Sunday, 6 January 2013

Enoch Powell widow 'furious' over 'ludicrous' slur that portray her husband as a Nazi sympathiser

The widow of Enoch Powell has criticised as ‘absolutely ludicrous’ a novel that portrays her husband as a pro-Nazi sympathiser.
Pamela Powell said his depiction in the bestselling book Dominion was an ‘unacceptable distortion’ of the late Tory MP.
The book is a historical ‘what if’ which explores what might have happened had Britain sued for peace after Dunkirk in 1940. 

The work is set in 1952 and Britain is portrayed as a puppet state under the control of the Nazis in Berlin.
Author C. J. Sansom included real-life figures in his fictitious pro-Nazi government, including Powell as Secretary of State for India.

But his widow said Powell, who died in 1998, had ‘totally opposed’ Neville Chamberlain’s appeasement of Hitler.

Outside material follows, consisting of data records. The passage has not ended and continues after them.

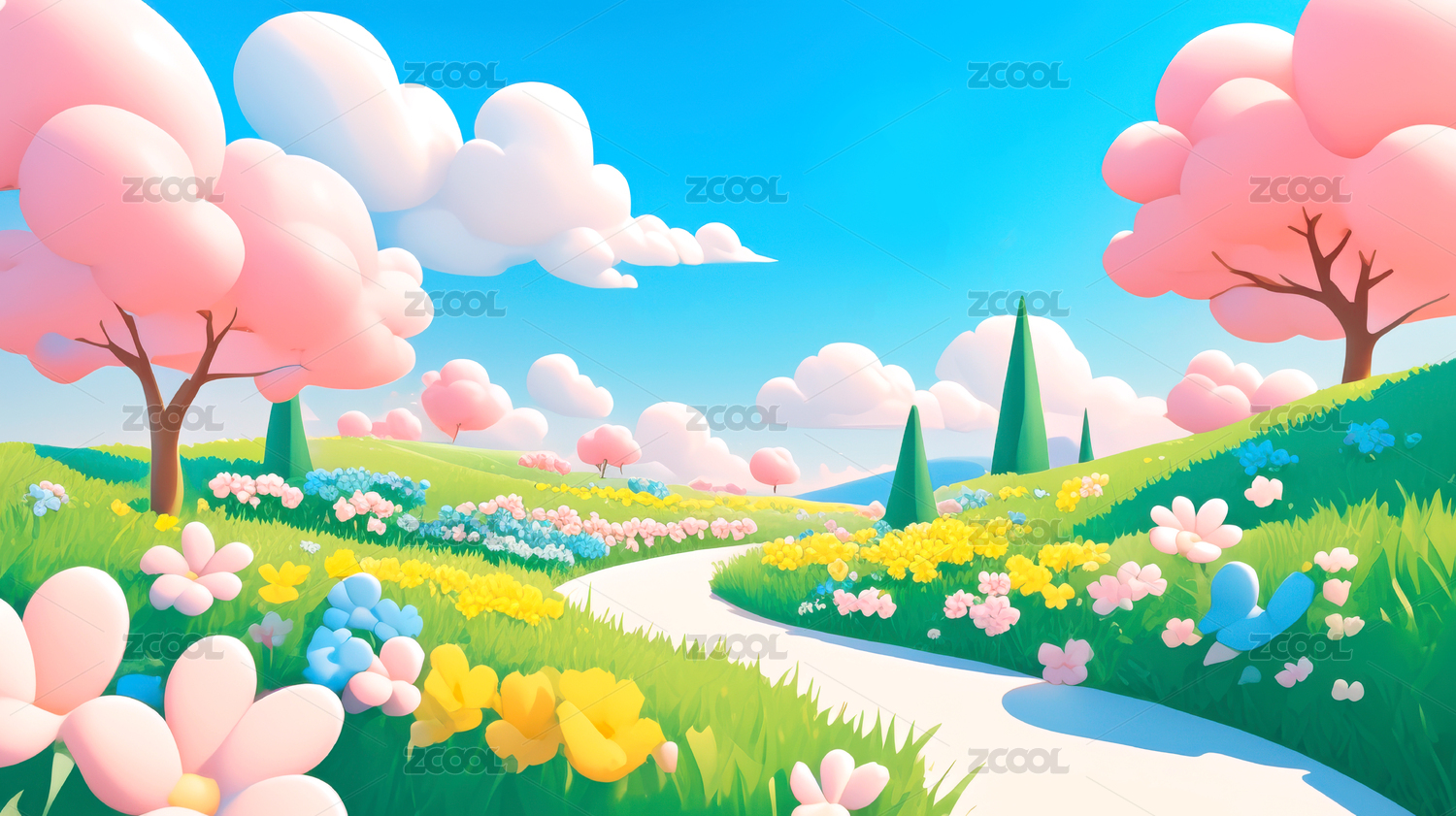 童话动画春天田园风光自然风景乐园卡通插画
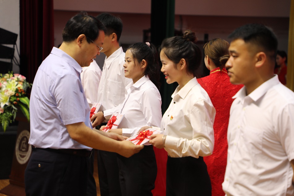 党委书记闫俊山为优秀毕业生代表颁发荣誉证书
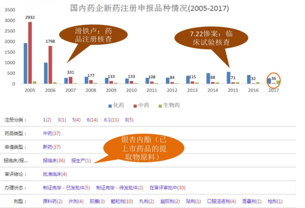 圖15 2005-2017年,國內(nèi)新藥注冊申報(bào)情況統(tǒng)計(jì)(根據(jù)原國家食藥監(jiān)總局發(fā)布數(shù)據(jù)整理)
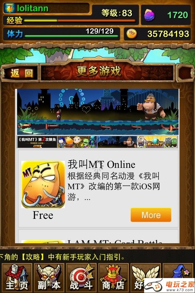 1.如果已经直接注册账号,导致看不到玩家角色的情况发生。请回到登录界面并注销账号后直接点击进入游戏即可。其次在菜单栏里看到了新增的两项:【更多游戏】【返回登录】
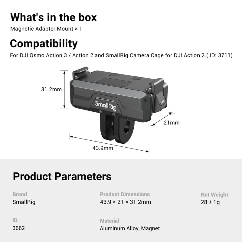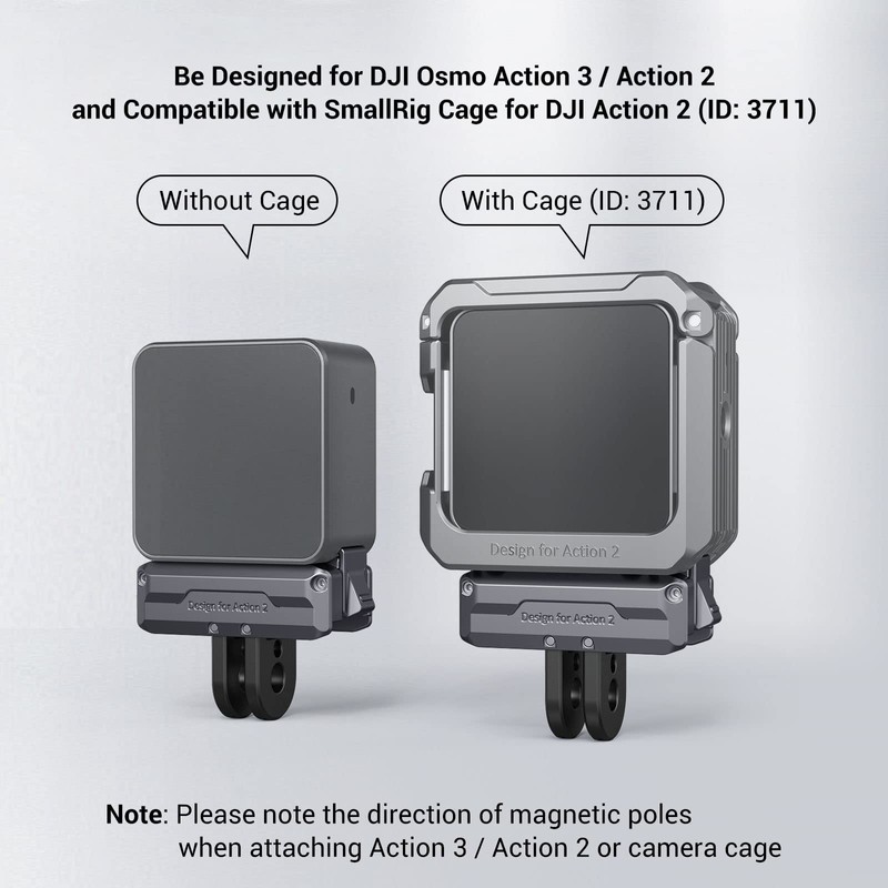 - 【Mounts via Magnets】The mount 3662 snaps onto the Action 3 / Action 2 or SmallRig aluminum camera cage 3711 for DJI Action 3 / Action 2 using internal magnets, allowing you to quickly mount or remove the camera at any time.
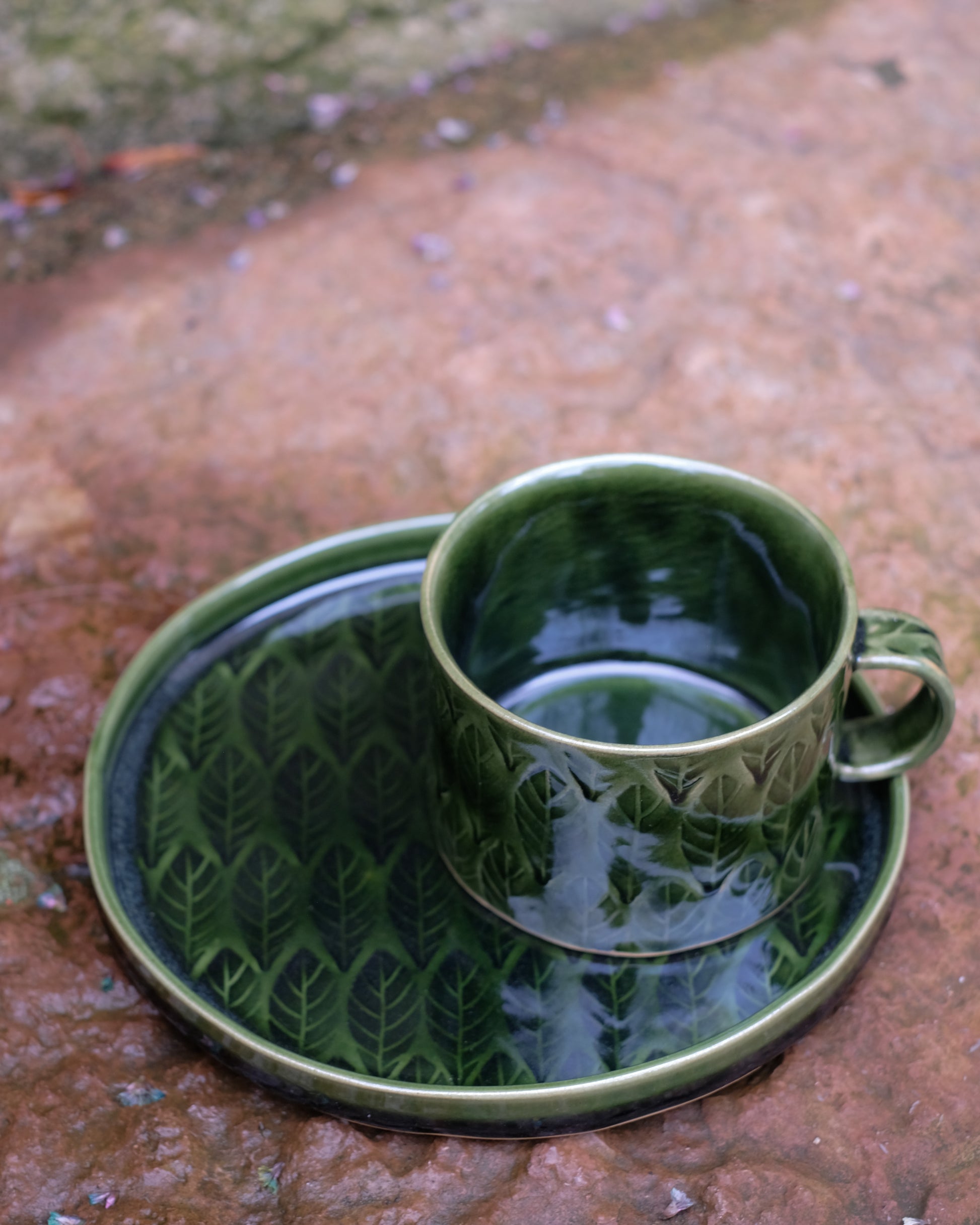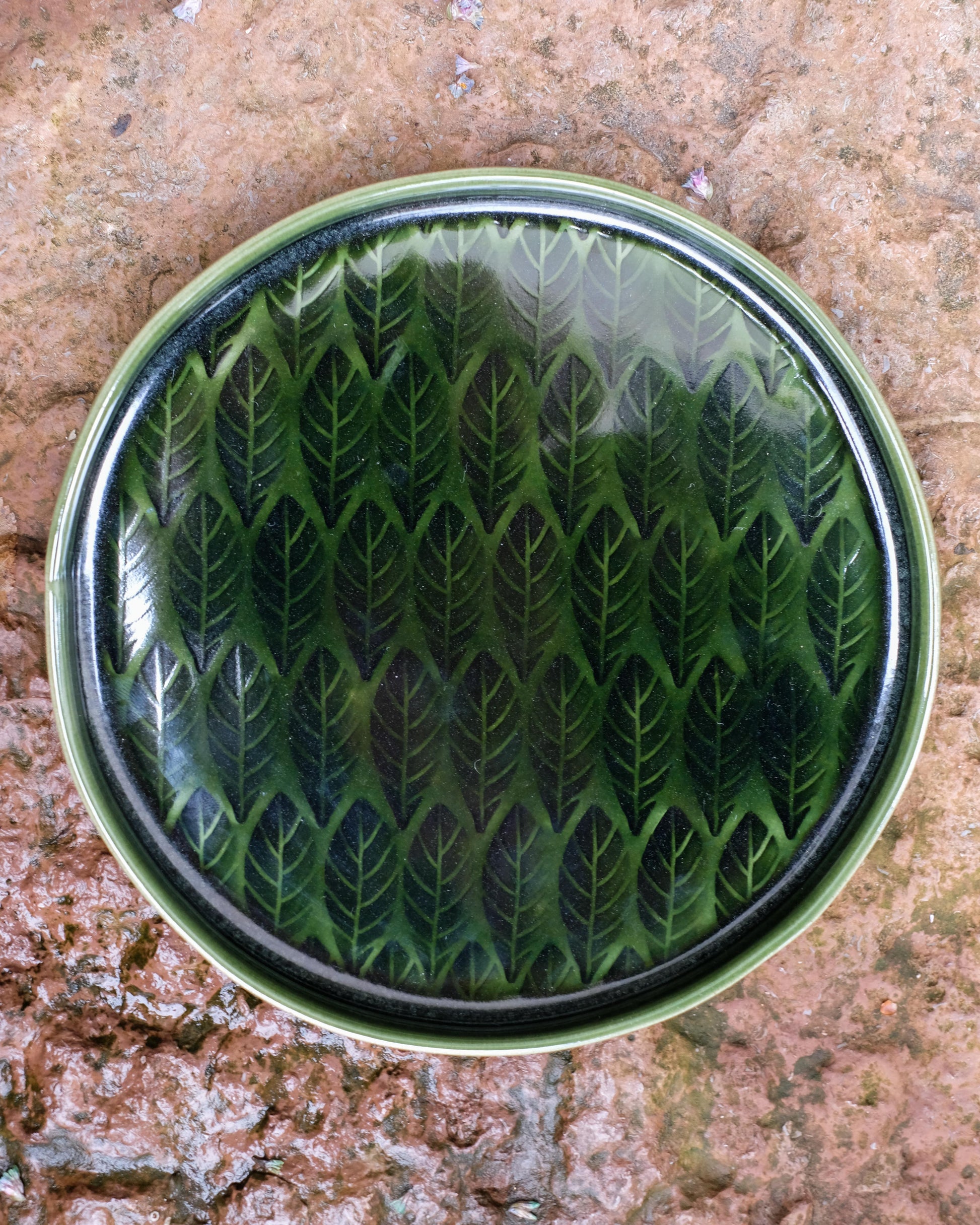 Kavlad lövkopp och lövfat i stengodslera. Pinjegrön glasyr. Går fint att köra i mikro och dismaskin.

‘The idea that he would be in any pro-Nazi government is absolutely ludicrous,’ she said.
‘When Enoch went to Australia in 1937 as Professor of Greek at Sydney University he told his first lecture that when Britain went to war he would go straight back to join up and that is what he did.’
She added: ‘A novel is a novel  and I don’t suppose I shall get it or read it.’
Historian Andrew Roberts said: ‘Powell was an ardent anti-Nazi from the earliest days even when other Tories were pro-appeasement. I suspect the author is trying to make some sort of modern-day equivalence between Enoch Powell’s views on immigration and fascism and that is so intellectually debased as to be moronic.’